Provided material:
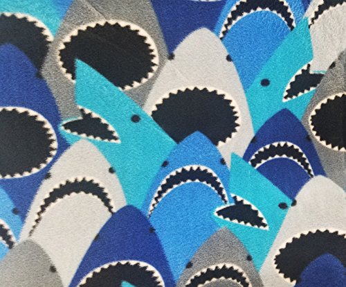 Blue and Grey Sharks All Over Fleece Fabric by David Textiles - 2 yards
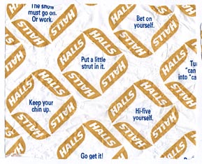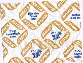 Finally. My head was starting to clear a wee bit from this seemingly endless flu/virus/whatever and I actually had something I wanted to write about. So I popped a Halls honey-lemon cough drop, gathering my thoughts, and then was stopped in my tracks. There was a message on my cough drop wrapper!
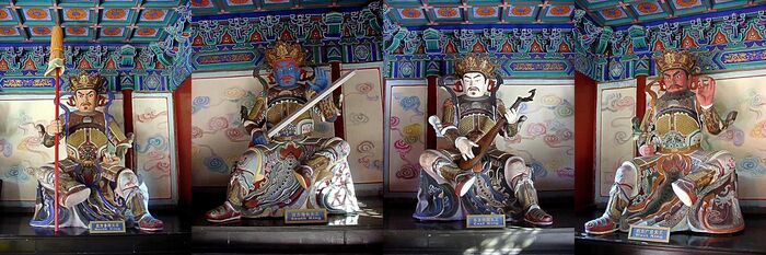 Jade Buddha Temple (Shanghai, China) - Statues of Yama (Yánmóluówáng) on the left, Saraswati (Biàncáitiān) in the center and Leigong on the right.

What to produce:
Only the pictures are to be omitted; restate everything else above exactly.

Exercise answer:
 Blue and Grey Sharks All Over Fleece Fabric by David Textiles - 2 yards
 Finally. My head was starting to clear a wee bit from this seemingly endless flu/virus/whatever and I actually had something I wanted to write about. So I popped a Halls honey-lemon cough drop, gathering my thoughts, and then was stopped in my tracks. There was a message on my cough drop wrapper!
 Jade Buddha Temple (Shanghai, China) - Statues of Yama (Yánmóluówáng) on the left, Saraswati (Biàncáitiān) in the center and Leigong on the right.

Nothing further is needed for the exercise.